To its credit, Christianity brings a much higher focus on the next life and the attainment of salvation, but it does so by making Jesus the physical incarnation of God for the purpose of killing him by crucifixion as atonement / payment for our sins, followed by his resurrection and ascension to heaven as “proofs” that he is, in fact, God. The problem with all these notions is that they clearly violate the Jewish understanding of the pure Oneness and non-physicality of God and the elemental justice required of God that only the guilty and not the innocent are punished for their sins (Exodus 32:30-33) and that the prophets do not pay (repent) for the sins of their people.
The difference between Islam and Christianity is that Islam does not allow any division of God into “persons.” With the Christian Trinity, our spiritual eye is no longer focused solely on One God, as in Judaism, but is now split up into three separate points of focus, with different levels of attention, honor and authority given to each “person” in the Trinity. Different levels of sanctity and respect are also indicated – the Holy Spirit being the only “person” of the Trinity you cannot blaspheme or you will never be forgiven.
This also clearly shows that the Trinity is three separate entities and not “three-in-one” because if they were really “one” you could blaspheme the Holy Spirit and be condemned for it, but Jesus and God (being blasphemed at the same time because they are all still “one” indivisible God) would forgive you because it’s OK to blaspheme them. Assuming each “person” in the Trinity has an equal vote in dispensing judgment, the ruling would be 2-to-1 in your favor. In any court of law that would mean you were pardoned.

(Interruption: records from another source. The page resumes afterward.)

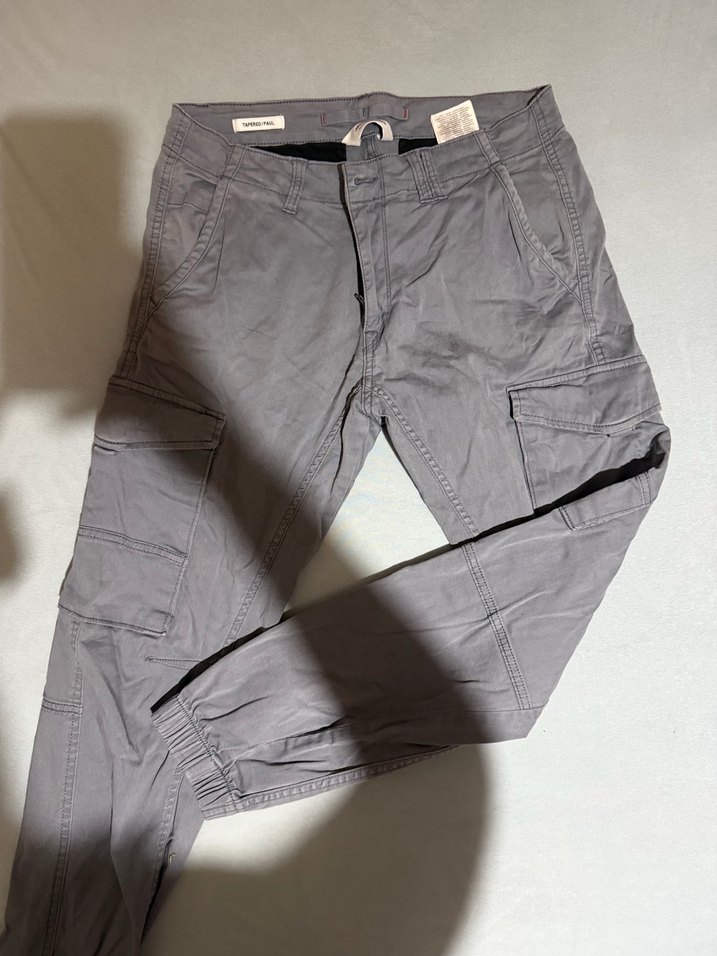 Gri renk, bol kesim, kemerli erkek kot pantolon. Midi boyda, sokak tarzı ve açık hava kullanımı için uygundur. Rahat ve gündelik tarzda. 30-32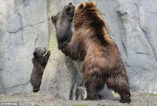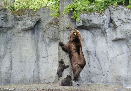 中新网5月6日电,据外媒报道,近日德国汉堡市的哈根贝克动物园上演了一出堪察加棕熊妈妈亲身示范幼崽如何上树的片段。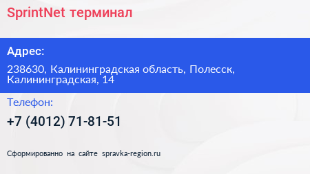 SprintNet, терминал по адресу 238630, Калининградская область, Полесск, Калининградская, 14 в дальнейшем Организация, размещена в следующих категориях: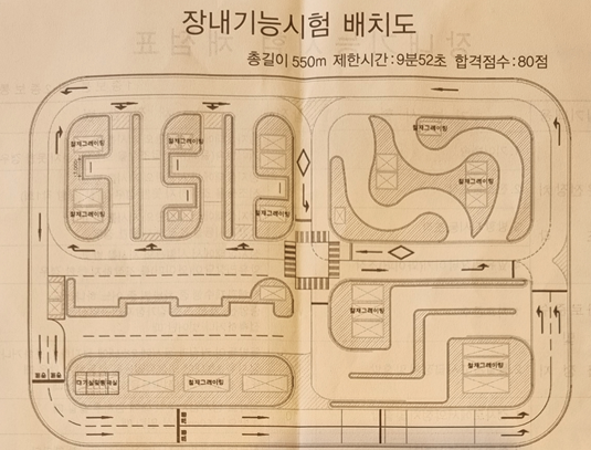 장내기능시험 배치도 이거 학원에서 나눠주는데 사실 난 열심히 안봤음... 어차피 장내기능 연수 받을때 4시간쯤 받다 보면 도로지도가 이미 머릿속에 다 외워지므로 이걸 엄청 자세히 볼 필요는 없지만 한번쯤 훑어보면 좋다.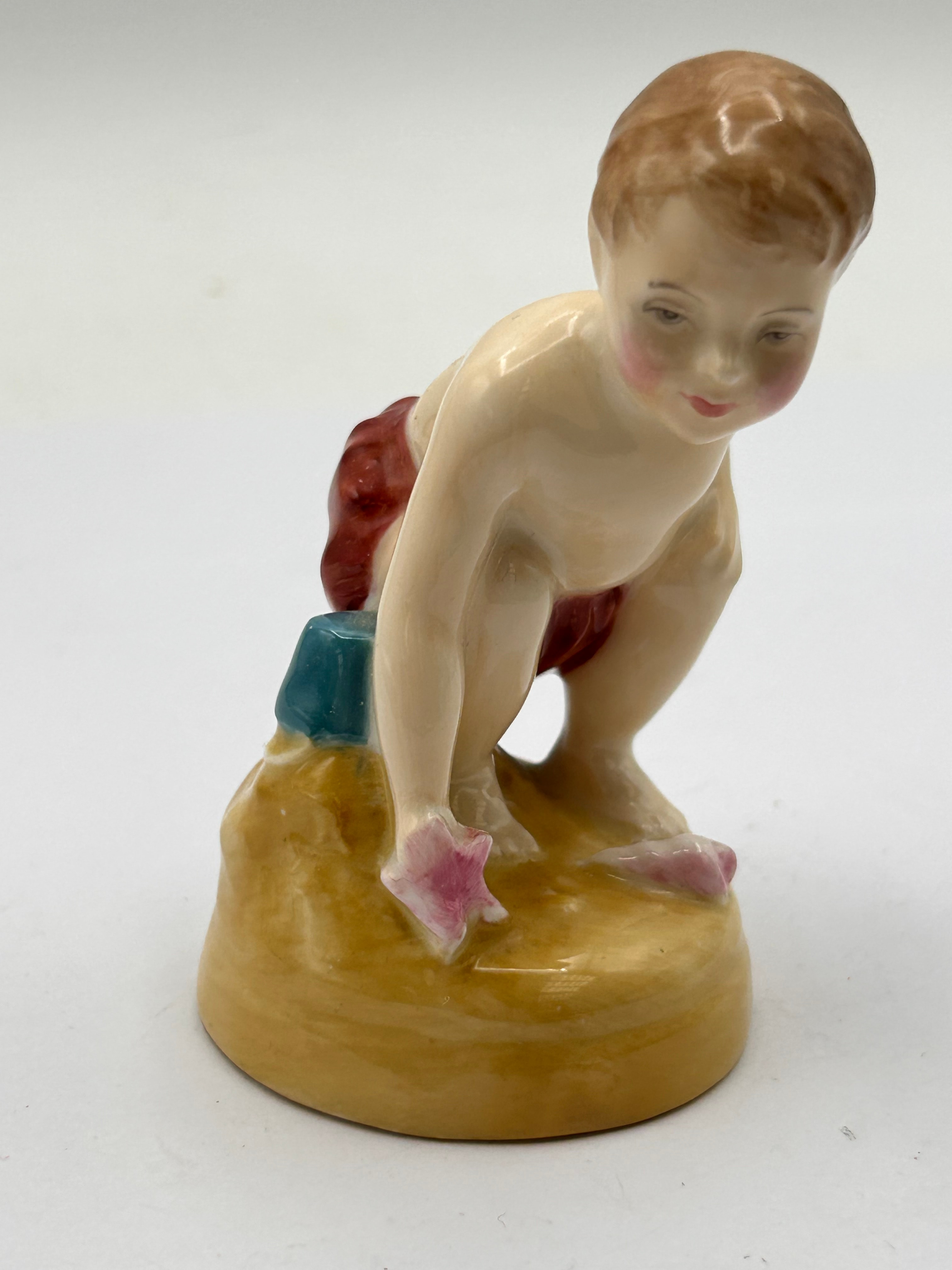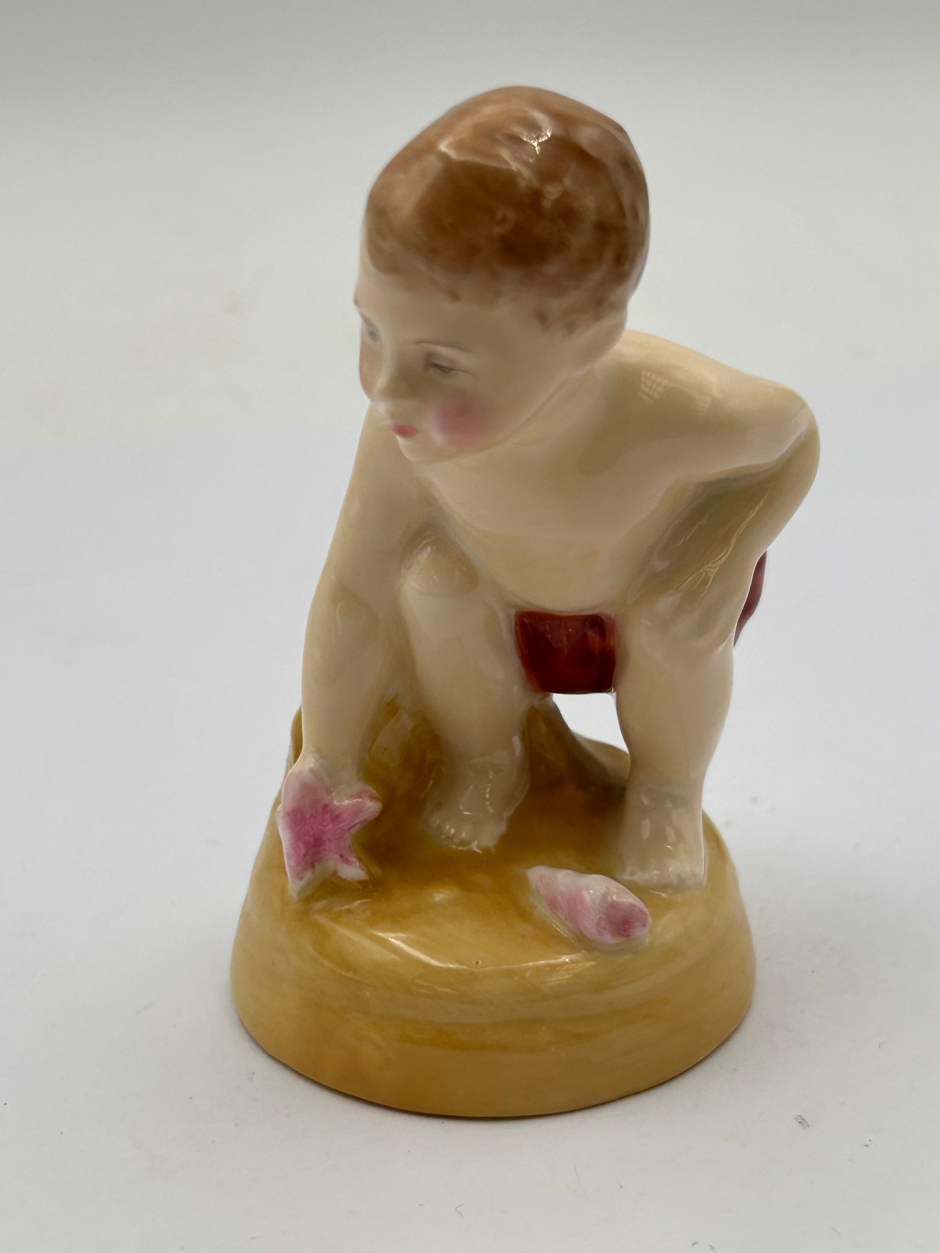 A Royal Doulton ‘Sea Shore’ figurine, model number HN 2663, copyrighted 1960. Crafted from fine bone china in England, this figurine depicts a young boy with reddish-brown hair and rosy cheeks, wearing red swimming trunks. He is shown crouching on a sandy-colored base, holding a pink starfish, with a blue bucket and another pink shell nearby, creating a beach scene. The base features the green Royal Doulton England maker’s mark, ‘Fine Bone China,’ ‘Made in England,’ ‘Doulton & Co. Limited,’ the model number HN 2663, the copyright year 1960, multiple ‘Rd No’ registration numbers, a handwritten ’33,’ and a small blue dot.

But to never be forgiven for blaspheming the Holy Spirit would require the Holy Spirit to be the supreme arbiter in God’s court, greater than Jesus and the Father (the Chief Justice as it were) with an overriding veto of any respective votes of forgiveness by Jesus and the Father – forgiveness you are promised by Jesus in Matt.12:31, Mark 3:28-29 and Luke 12:10. (That, my friends, is a Kangaroo court and not a true heavenly court of real justice.)
In standard Christianity, Jesus is the central focal point – he is the fulcrum upon which mankind’s salvation is leveraged by his death and resurrection. Jesus is also given all power to rule, judge and forgive sins, and he is even given credit for creating the Universe along with God the Father. Salvation is now obtained in Christianity only by believing in the death, atonement and resurrection of Jesus, whereas Judaism and Islam both affirm that God does not share sovereignty or power with anyone; that He alone is the sole Creator of everything; that He alone is the Master on the Day of Judgment; that He alone is the only means of salvation; and that He alone has all power to show mercy and forgive us for our sins.